Ask HN: How do you conduct take home coding exercises? - PopeDotNinja
What is your process?<p>Do you have a plan for reviewing getting results you&#x27;d like to see?<p>How much of what you ask a candidate to work on is well thought out?
======
viraptor
I quite like tests which are really open ended. If you get too specific, you
can have 3 outcomes: they did it right, they did it wrong, you did it wrong.
It seems like only the last one can lead to an interesting discussion in most
cases. And if the problem is known, you may get a googled answer instead of
real work.

I've seen a few open tests work well, but the one I created was (DevOps
skills): Read rows from CSV, write them to database, print how many were
written (in any language) - treat it as production quality app and impress us.

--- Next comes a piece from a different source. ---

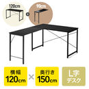 L字デスク シンプルデスク3 幅120cm 奥行150cm ブラックモニタアーム対応

You can learn so much about people's approach and experience from this. Do
they do documentation, do they handle non-us-ascii characters, do they handle
errors (and how), do they create package ready for deployment, do they care
about resource usage, and loads more.

The review was pretty much: are we impressed with the quality, thought put
into it. We tried to assign some points to specific things, but quite often
either we got impressed by something unexpected, or choice came down to the
subjective quality.

------
quickben
Keep in mind that for some take-home is a very big no.

I mean, if I attend a full day of interviews on site, after 4-5 phone
interviews, asking me to code over the weekend after all that will just make
me wonder what's wrong with the company.